Granger is almost 16 weeks and he eats EVERYTHING he can swoop and put in his mouth. ANYTHING!


----------



## Linescreamer

Garlic


----------



## gunnr

Olives.


----------



## mswhipple

Willie rejects almost every kind of vegetable. Oh, he'll gnaw on a baby carrot if there is nothing else around, but it's obviously not his favorite thing. In his defense, he is (after all) a carnivore.


----------



## Shivangi

Dry kibble and lemon!


----------



## Candace

My V is a nut when it comes to eating! She loves fruits and veggies.... Emma LOVES carrots sticks. There are some things that she will attempt to eat when she shouldn't (like an orange peel) but she stops when she takes a bite. I have always been amazed at her eating. Our breeder said that V's can be hard to train if they aren't interested in food....So glad that wasn't the case.


----------



## clover

Osha will eat anything including her dog food. We've had to train her to do a down/stay when it's time to eat because she loves her food so much. 
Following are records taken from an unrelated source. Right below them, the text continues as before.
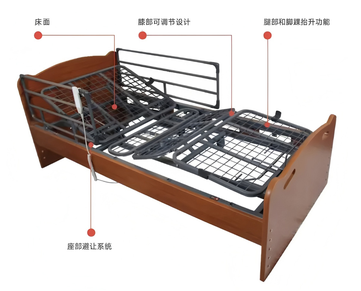 电动床膝部床面设有两档可供调节,从而满足不同身高使用者的人体需求。
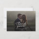 A great and thoughtful way to thank your friends, family, and coworkers who graced you their presence on your your wedding day with this modern photo thank you cards with script hand lettered "thank you" and a love heart.
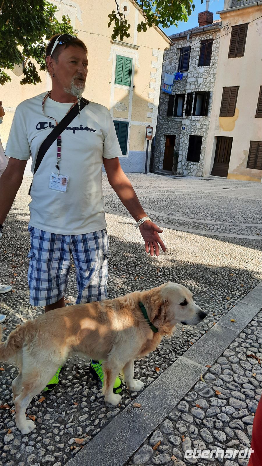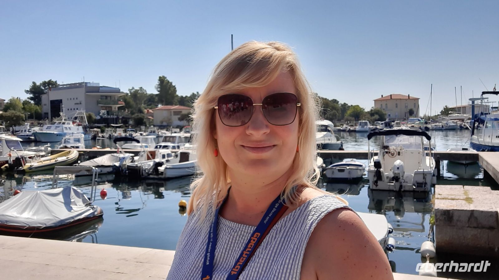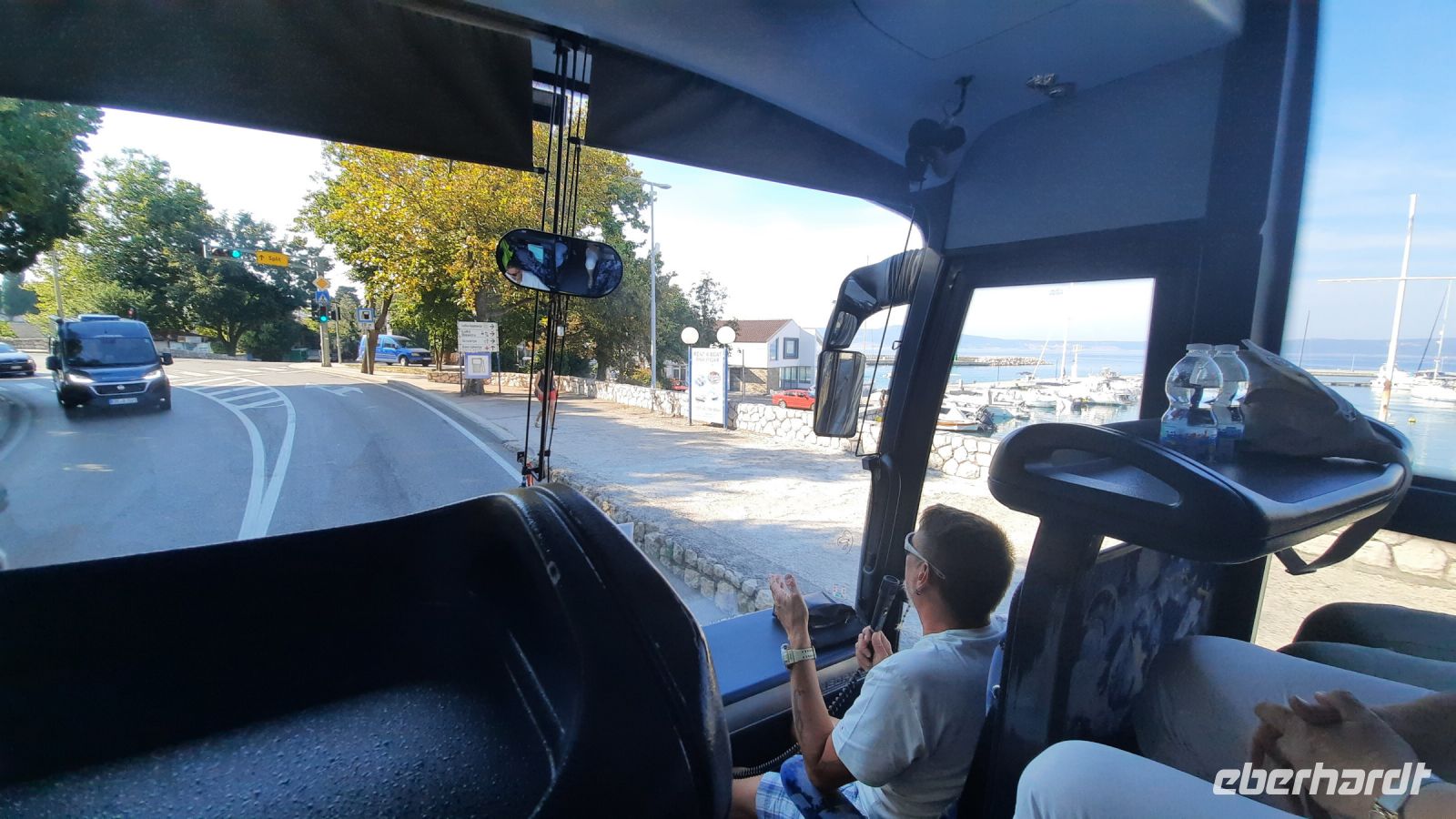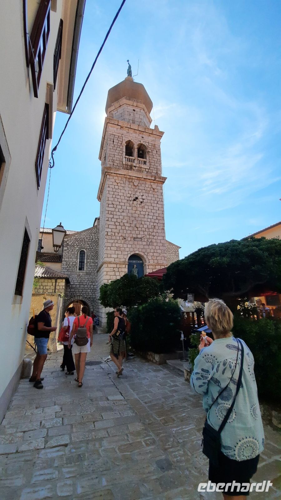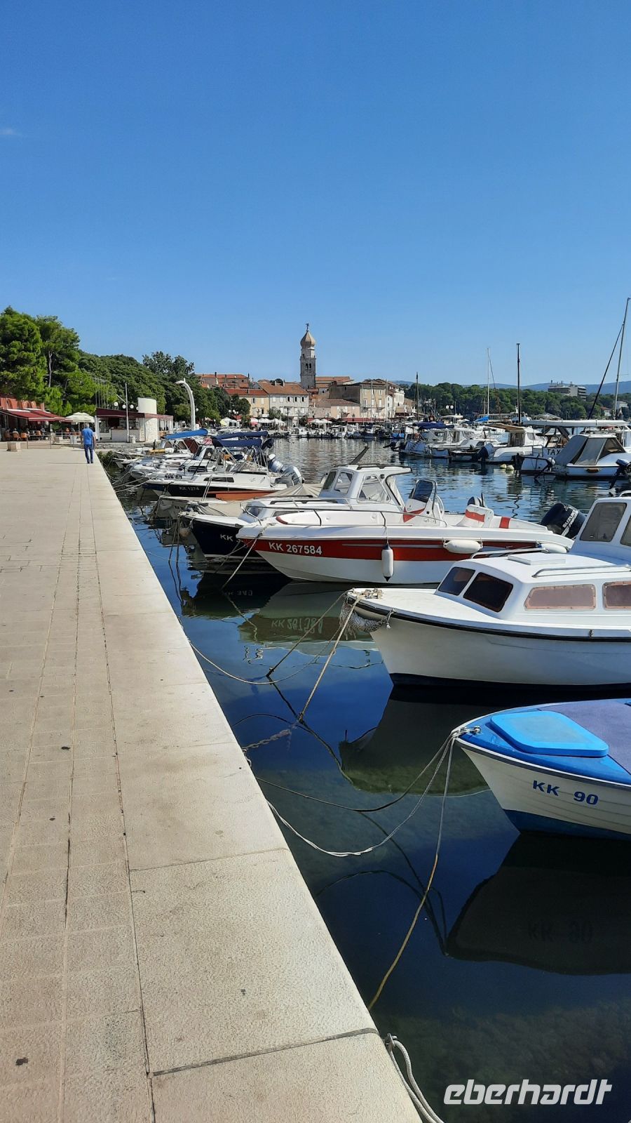 Auf nach Kroatien - zur Urlaubsinsel Krk. Der Tag begann für viele Gäste der Eberhardt-Reisegruppe sehr zeitig, kamen wir doch aus allen Ecken des Landes. Wir trafen uns am neuen Berliner Flughafen, checkten ein und freuten uns auf den Start der Reise. Nach kurzen 1 ½ Stunden Flug erreichten wir Rijeka, den winzigen Flughafen der Mittelmeerinsel. Dort erwartete uns schon unser Reiseleiter Tomy. Anscheinend bekannt, wie ein bunter Hund, brachte er Stimmung in unsere, von der langen Anreise etwas müde Gruppe. Das wird lustig, freuten wir uns. Gemeinsam fuhren wir nach Malinska, ein beschaulicher kleiner Urlaubsort in einer Bucht im Nordwesten der Insel Krk. Wir bezogen unsere Zimmer in unserem 4-Sterne-Hotel Malin und konnten den Rest des Tages bei sommerlichen Temperaturen genießen. Viele Gäste nutzten die Gelegenheit und testeten schon mal das glasklare Wasser der Adria, andere erkundeten die Gegend und tranken einen Kaffee. Bis spät in die Nacht erreichten noch sechs weitere Eberhardt-Gäste das Hotel, sodass wir am nächsten Tag vollzählig waren.

She will eat any vegetable you give her which is good for low calorie training 

She also loves to eat weird things we're not accustomed to seeing dogs enjoy: hot sauce, limes, olives, lettuce.... but her two favourites so far are blueberries and tuna. 

Tuna makes her go insane!

One time she stole a hot pepper when it fell on the ground but of course that didn't end up turning out well for any of us :S

I suppose the only thing that I could say she has no interest in is soda water. In fact, if you put a glass of it anywhere in her vicinity she will give it a very suspicious look and turn the other way. Hilarious.


----------



## Kailua

Snickers will eat mostly anything except for his flea/tick and heart worm pill that he needs to take every month. Even when we hide the pill in cheese, meat, ice cream...he'll eat the food and then spit the pill out.
Peanut and Snickers don't eat bananas, BUT will snack on the rabbit poop in the yard...


----------



## tiggers mum

Tigger adores bananas but wont eat them if they are slightly bruised !!!!!! Posh or what ??!!


----------



## Mischa

tiggers said:


> Tigger adores bananas but wont eat them if they are slightly bruised !!!!!! Posh or what ??!!


hahahhaha
I'm the same way... I like em a little green

Mischa will eat anything but lemons.


----------



## 1notenough

So far its just red leaf lettuce.they will try...spit it out and try again.not going down my throat they say.............


----------



## MaggieD

Kobi said:


> His food. Other than that, I'm convinced he will eat anything.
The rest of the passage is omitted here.